On some machines it may be possible to store a new value in memory with just one instruction that cannot be interrupted. On these machines, the handler will always print two zeros or two ones.

Atomic Types

To avoid uncertainty about interrupting access to a variable, you can use a particular data type for which access is always atomic: sig_atomic_t. Reading and writing this data type is guaranteed to happen in a single instruction, so there's no way for a handler to run "in the middle" of an access.

The type sig_atomic_t is always an integer data type, but which one it is, and how many bits it contains, may vary from machine to machine.

function>sig_atomic_t/function> This is an integer data type. Objects of this type are always accessed atomically.

In practice, you can assume that int and other integer types no longer than int are atomic. You can also assume that pointer types are atomic; that is very convenient. Both of these assumptions are true on all of the machines that the GNU C library supports and on all POSIX systems we know of.

Atomic Usage Patterns

Certain patterns of access avoid any problem even if an access is interrupted. For example, a flag which is set by the handler, and tested and cleared by the main program from time to time, is always safe even if access actually requires two instructions. To show that this is so, we must consider each access that could be interrupted, and show that there is no problem if it is interrupted.

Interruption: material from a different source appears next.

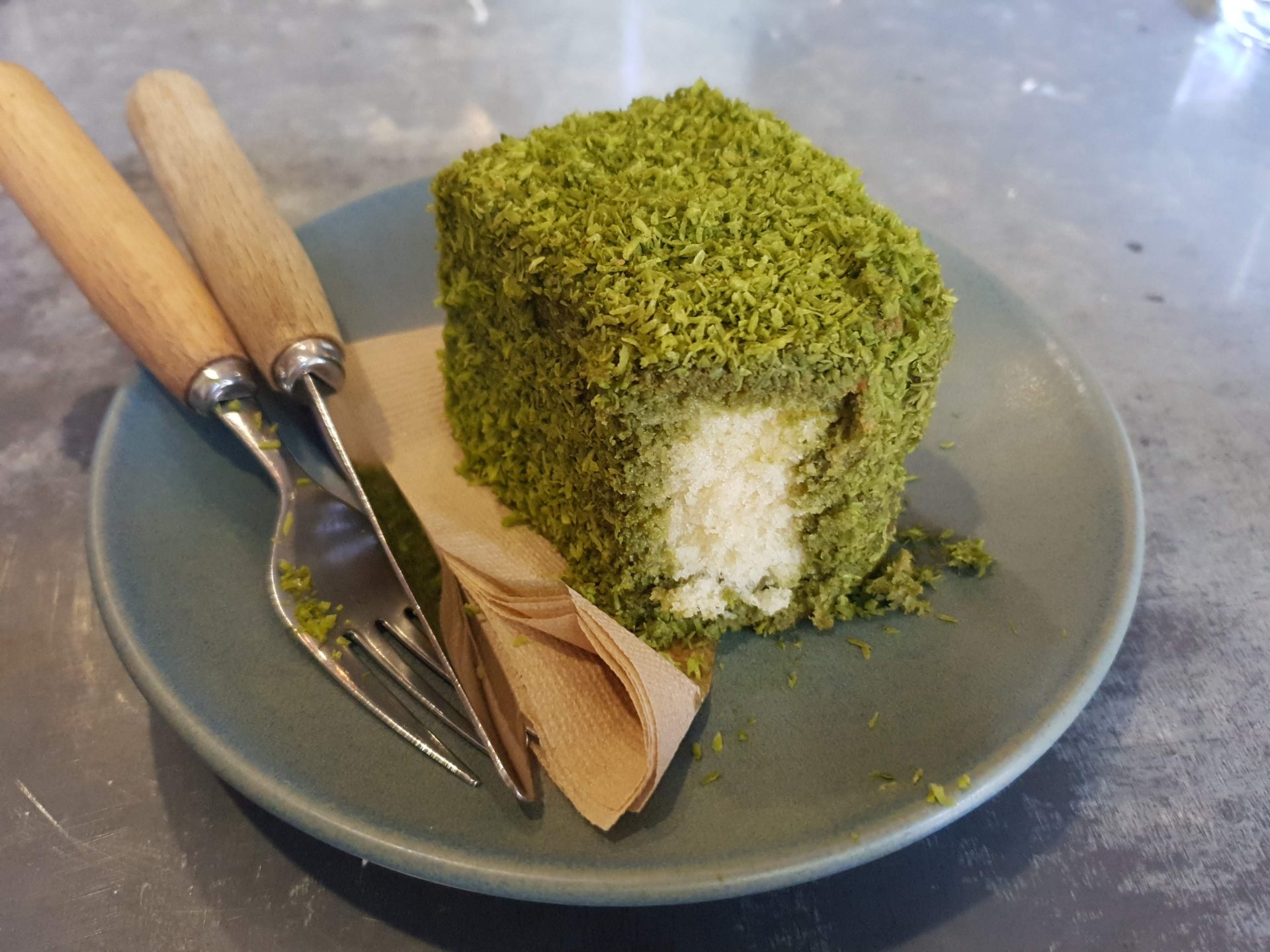 シドニーの中心部からわりと近いサリーヒルズという地域に、ローカルに人気でいつも混んでいる日系のカフェ『Cafe Kentaro』があり、以前見た抹茶のラミントンが濃厚でとてもおいしかったです。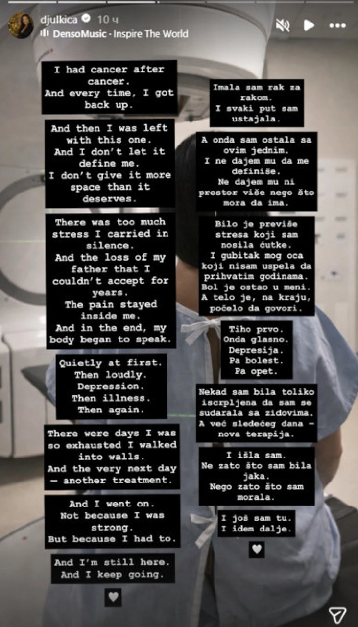 - Imala sam rak za rakom. I svaki put sam ustajala. A onda sam ostala sa ovim jednim. I ne dam mu da me definiše. Ne dajem mu ni prostor više nego što mora da ima. Bilo je previše stresa koji sam nosila ćutke. I gubitak mog oca koji nisam uspela da prihvatim godinama. Bol je ostao u meni, a telo je na kraju počelo da govori. Prvo tiho. Onda glasno. Depresija. Pa bolest. Pa opet. Nekad sam bila toliko iscrpljena da sam se sudarala sa zidovima. A već sledećeg dana - nova terapija. I išla sam. Ne zato što sam bila jaka. Nego zato što sam morala. I još sam tu. I idem dalje.

An interrupt in the middle of testing the flag is safe because either it's recognized to be nonzero, in which case the precise value doesn't matter, or it will be seen to be nonzero the next time it's tested.

An interrupt in the middle of clearing the flag is no problem because either the value ends up zero, which is what happens if a signal comes in just before the flag is cleared, or the value ends up nonzero, and subsequent events occur as if the signal had come in just after the flag was cleared. As long as the code handles both of these cases properly, it can also handle a signal in the middle of clearing the flag. (This is an example of the sort of reasoning you need to do to figure out whether non-atomic usage is safe.)

Sometimes you can insure uninterrupted access to one object by protecting its use with another object, perhaps one whose type guarantees atomicity. the section called “Signals Close Together Merge into One”, for an example.